Dès lors, le retard avec lequel ce courrier est parvenu au greffe du Tribunal aurait été imprévisible. Il considère qu’il ne saurait lui être reproché de ne pas avoir fait appel à un mode d’acheminement plus rapide (service privé de messagerie), car le service de la poste est le mode le plus sûr et le plus efficace existant en Espagne.
23
Il ajoute que, lorsqu’une partie a fait tout son possible pour confier à un service administratif ordinaire le courrier de confirmation, le principe de proportionnalité oblige le Tribunal à assouplir les délais.
24
À titre liminaire, il convient de constater que le Tribunal, qui a statué par voie d’ordonnance sur le fondement de l’article 111 de son règlement de procédure, n’a pas informé M. Zuazaga Meabe de son intention de rejeter le recours comme tardif et ne l’a pas invité à justifier le retard avec lequel l’original de la requête est parvenu au greffe. Dès lors, il ne saurait être reproché au requérant d’invoquer pour la première fois au stade du pourvoi l’existence d’un cas de force majeure.
25
La notion de «force majeure», au sens de l’article 45 du statut de la Cour de justice, comporte, outre un élément objectif relatif aux circonstances anormales et étrangères à l’intéressé, un élément subjectif tenant à l’obligation, pour l’intéressé, de se prémunir contre les conséquences de l’événement anormal en prenant des mesures appropriées sans consentir des sacrifices excessifs. En particulier, l’intéressé doit surveiller soigneusement le déroulement de la procédure et, notamment, faire preuve de diligence afin de respecter les délais prévus (arrêt du 15 décembre 1994, Bayer/Commission, C-195/91 P, Rec. p. I-5619, point 32). Ainsi, la notion de force majeure ne s’applique pas à une situation où une personne diligente et avisée aurait objectivement été en mesure d’éviter l’expiration d’un délai de recours (arrêt du 12 juillet 1984, Ferriera Valsabbia/Commission, 209/83, Rec. p. 3089, point 22).
26
En l’espèce, il ressort du pourvoi que M. Zuazaga Meabe a laissé s’écouler quatre jours après l’envoi de la télécopie avant de confier – sept jours seulement avant l’expiration du délai de recours – l’original de la requête, non pas directement au service de la poste, mais à Cibeles Mailing, laquelle a elle-même tardé deux jours avant d’envoyer ce document par courrier recommandé au greffe du Tribunal. Il s’ensuit que, par son comportement, M. Zuazaga Meabe a augmenté le risque que sa requête parvienne tardivement au Tribunal et n’a ainsi pas fait preuve de la diligence attendue d’un requérant normalement avisé en vue de respecter les délais.
27
Un tel manque de diligence exclut l’existence d’un cas de force majeure et il convient, par conséquent, d’écarter le premier moyen comme étant manifestement non fondé.
28
Il y a dès lors lieu de rejeter le pourvoi comme étant manifestement non fondé.
Sur les dépens
29
L’article 69 du règlement de procédure de la Cour, applicable à la procédure de pourvoi en application de l’article 118 du même règlement, dispose, à son paragraphe 1, qu’il est statué sur les dépens dans l’arrêt ou l’ordonnance qui met fin à l’instance et, à son paragraphe 2, que toute partie qui succombe est condamnée aux dépens, s’il est conclu en ce sens. BBVA ayant conclu à la condamnation du requérant et celui-ci ayant succombé en ses moyens, il y a lieu de le condamner à supporter, outre ses propres dépens, ceux exposés par la partie intervenante. En revanche, l’OHMI n’ayant pas conclu à la condamnation du requérant aux dépens, il supportera ses propres dépens.

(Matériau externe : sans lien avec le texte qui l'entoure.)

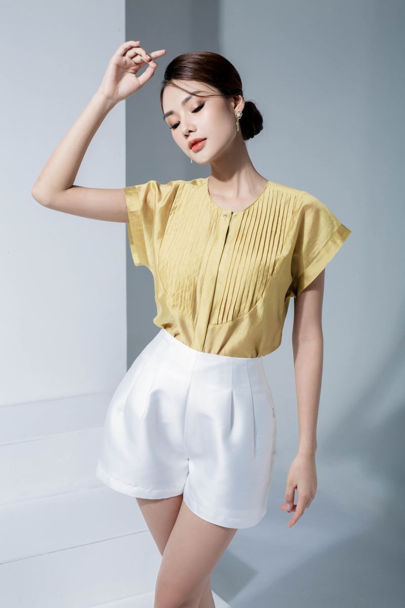 Quần shorts đen mix với áo xếp li điệu đà trễ vai mang đến vẻ đẹp nền nã cho người mặc.
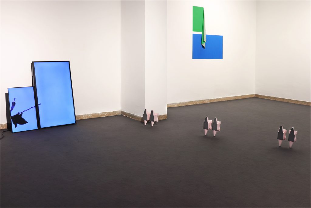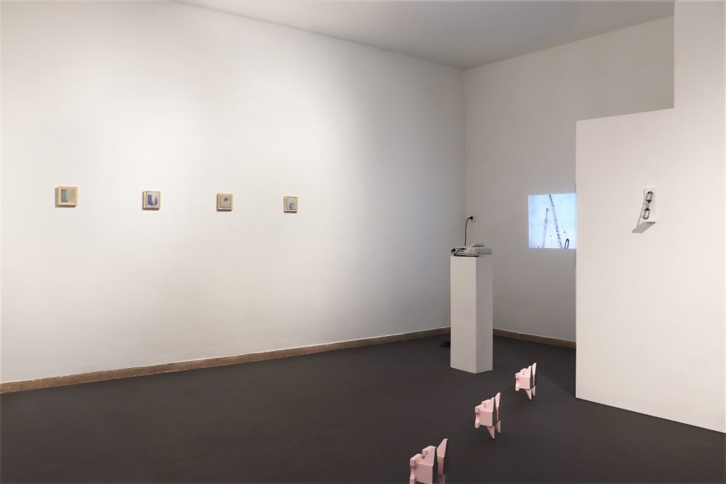 L’allestimento stesso ci chiede di muoverci nello spazio con cautela, per non urtare le piccole incudini rosa che vanno a formare l’installazione In punta di piedi (2023) di Guendalina Urbani. Il lavoro divide diagonalmente lo spazio, appare pesante e delicato al tempo stesso: sfida i sensi e ci chiede di attraversalo con cura.

Par ces motifs, la Cour (quatrième chambre) ordonne:
1) Le pourvoi est rejeté.
2) M. Zuazaga Meabe supporte, outre ses propres dépens, ceux exposées par Banco Bilbao Vizcaya Argentaria SA.
3) L’Office de l’harmonisation dans le marché intérieur (marques, dessins et modèles) (OHMI) supporte ses propres dépens. Signatures
1 – Langue de procédure: l’espagnol.